Acordam, em conferência, na Secção de Contencioso Administrativo do Tribunal Central Administrativo Norte: 1 – RELATÓRIO Unidade Local de Saúde de M... EPE e JPSL vêm interpor recurso da sentença do Tribunal Administrativo e Fiscal do Porto datada de 30 de Julho de 2013 e que julgou parcialmente procedente a acção administrativa comum no âmbito da Responsabilidade Civil Extracontratual do Estado intentada por JPSL contra a Unidade Local de Saúde de M..., EPE, onde era solicitado que devia a entidade demandada ser condenada:

  1. Na obrigação de indemnizar o autor pelos danos de natureza não patrimonial decorrentes da factualidade supra alegada, cujo montante deverá ser fixado em quantia nunca inferior a € 75.000,00 (setenta e cinco mil euros); b) Ao montante dos danos deverão acrescer os respectivos juros de mora, calculados à taxa legal anual, contados desde o data do citação até efectivo e integral pagamento; c) Devendo ainda o Ré ser condenada no pagamento das custas de parte e procuradoria condigna”.

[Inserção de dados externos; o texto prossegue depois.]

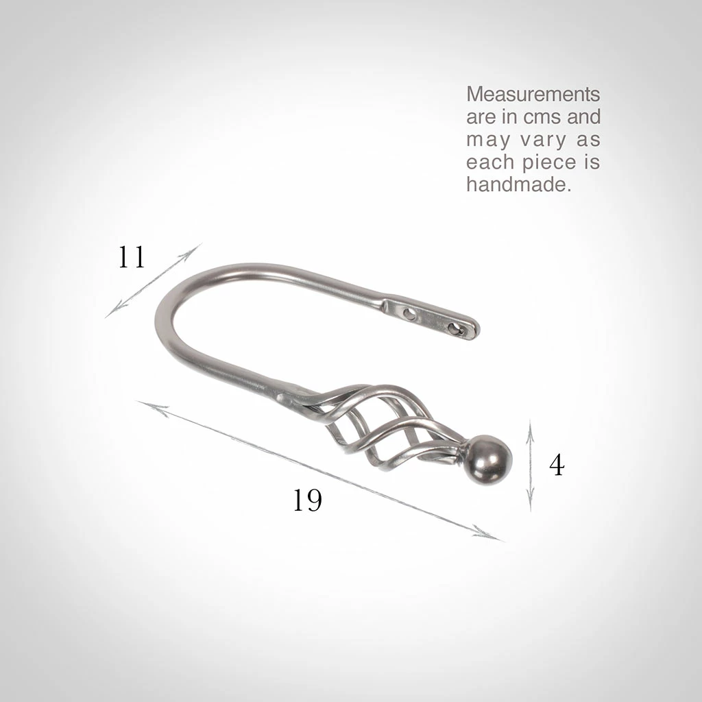 A hand forged, solid steel holdback to match our Cage & Ball finial. The holdbacks are available in two sizes: this smaller holdback is generally recommended where there is only one width of fabric in the curtain (or more if it is a very light, unlined fabric).
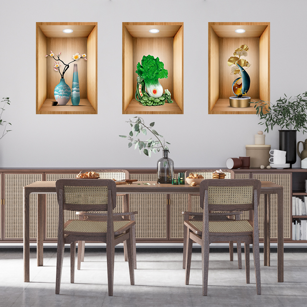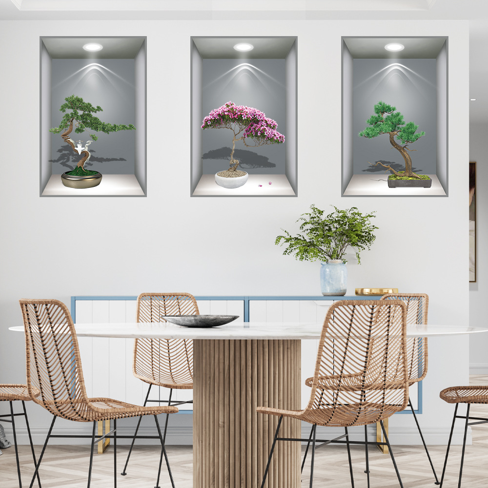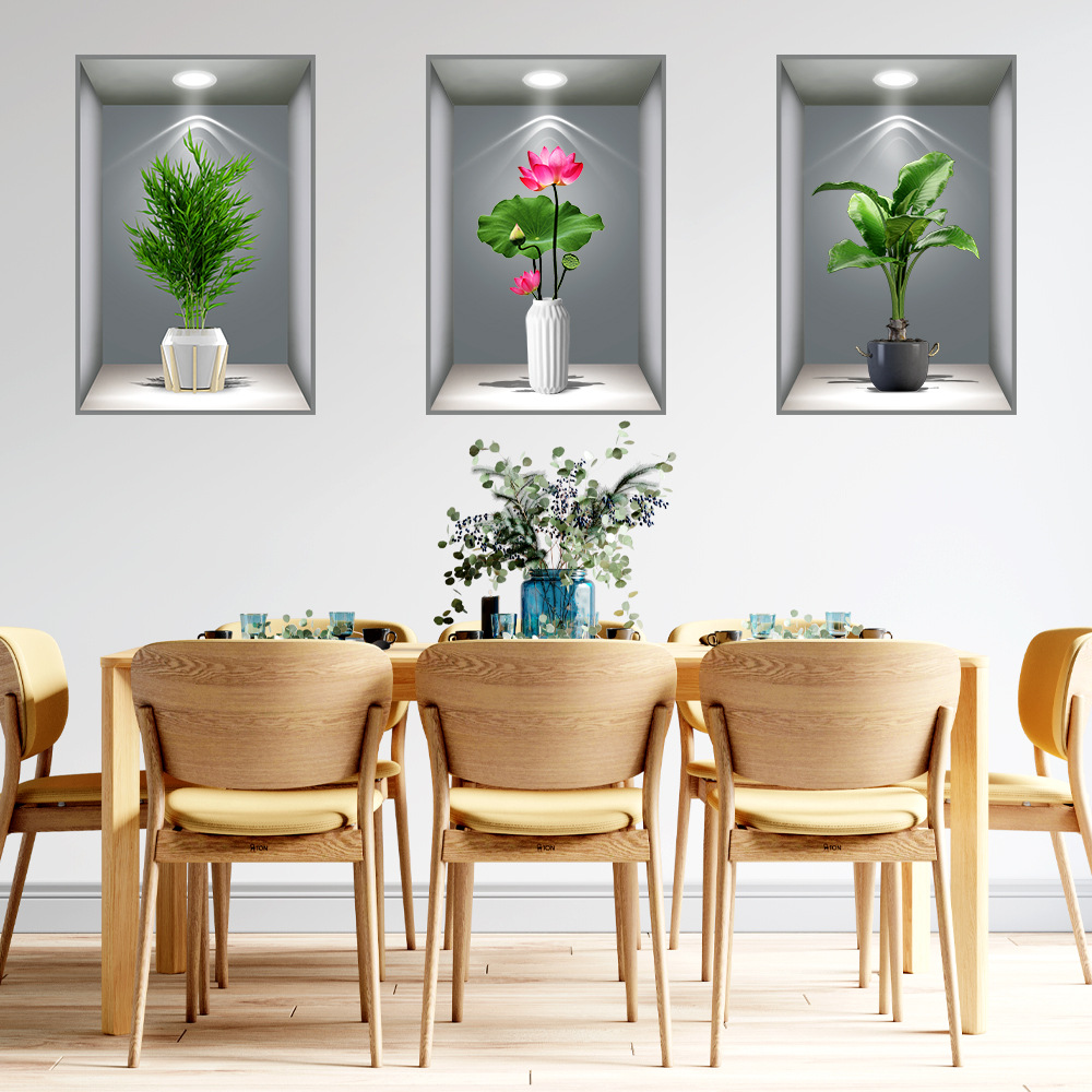 헤어 샵 가정부 식물 꽃을 대신하여 3D 화분 스티커 통로 계단 장식 그림 호텔 레스토랑 벽화 자체 접착 그림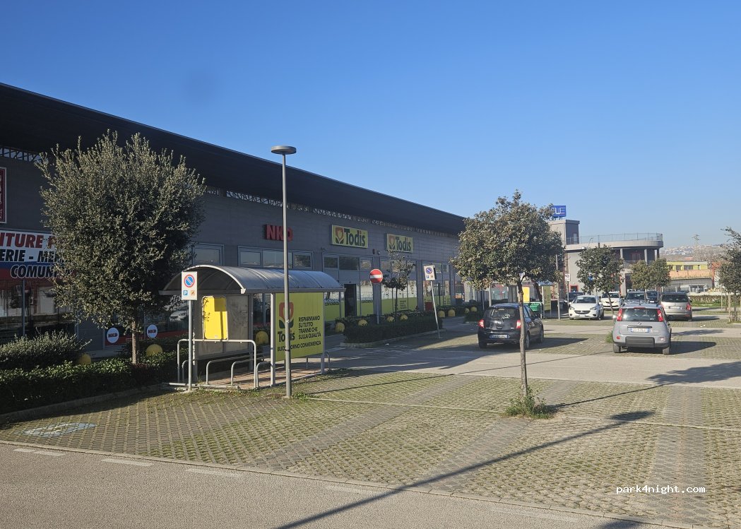 Parcheggio supermercato Todis, solo per la notte, tranquillo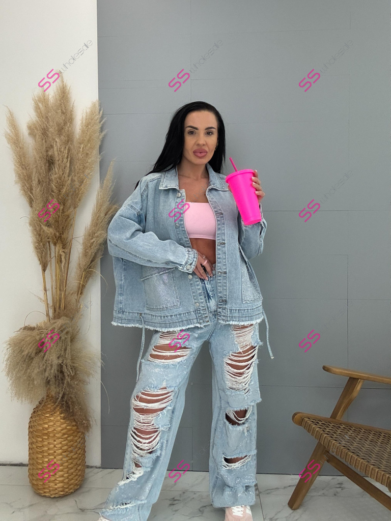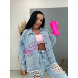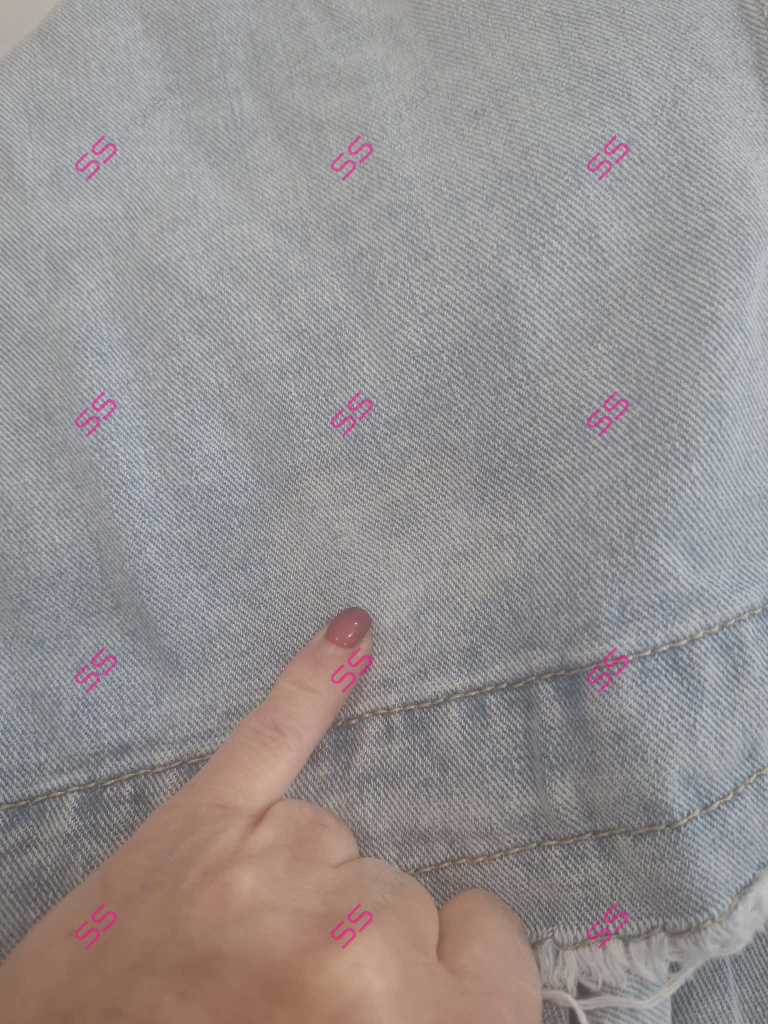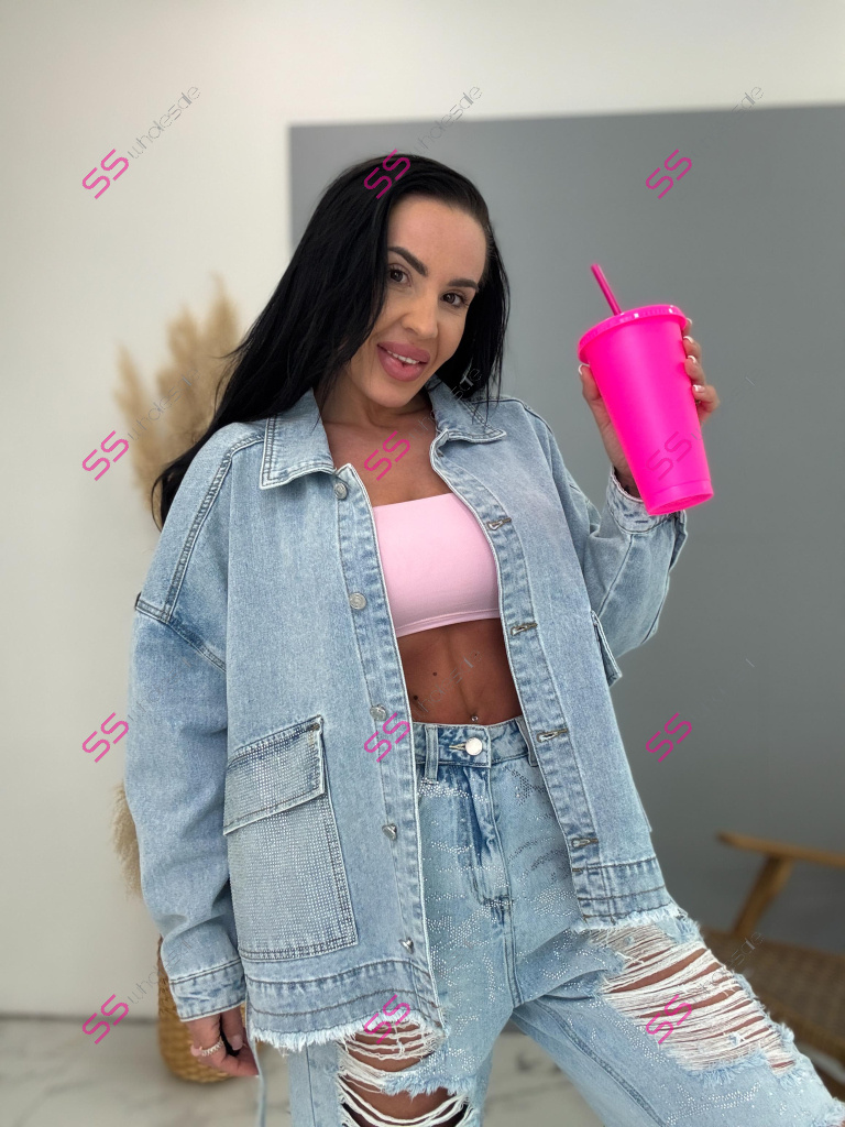 Dámsky denim kabát. Gombíky majú striebornú farbu. Materiál je minimálne elasticky. Modelka mala na sebe veľkosť S!

    Em alegações o recorrente, Unidade de Saúde de M..., EPE concluiu assim: 1. Vem o presente recurso da douta sentença de fls..., que julgou a presente acção parcialmente procedente, por provada, condenando em consequência a Ré, ora Recorrente, a pagar ao Autor uma indemnização por danos não patrimoniais no valor de 25.000 €, acrescida de juros de mora desde a data da referida decisão.

    1. Nos presentes autos, o Autor alega ter sofrido danos na sua esfera jurídica, em virtude de uma conduta ilícita e culposa dos médicos da Ré, que o observaram quando se deslocou ao serviço de urgência do Hospital de M..., unidade de saúde da Ré, nos dias 28 de Novembro e 1 de Dezembro de 2007.

    2. A questão fundamental resumia-se a saber se os profissionais de saúde da Ré que assistiram o Autor, e que lhe prestaram cuidados de saúde, violaram – ou não – as leges artis: saber se, perante a actuação daqueles profissionais na avaliação da situação clínica do Autor e consequente tratamento e terapêutica prescrita, houve ou não inobservância de quaisquer deveres de cuidados, que tornasse culposa a sua actuação.

    3. Porém, e não obstante a prova produzida em sede de audiência de julgamento, o Tribunal Recorrido entendeu considerar como não provados, os factos descritos nos art.º 40, 54, 60 e 61 da Base Instrutória, que se revelavam importantes e decisivos para a boa decisão da causa: 5. Para além disso, e atenta a prova produzida, o Tribunal Recorrido deveria ter considerado como integralmente provados os factos descritos nos quesitos 47º, 48º, 55º e 57º da Base Instrutória.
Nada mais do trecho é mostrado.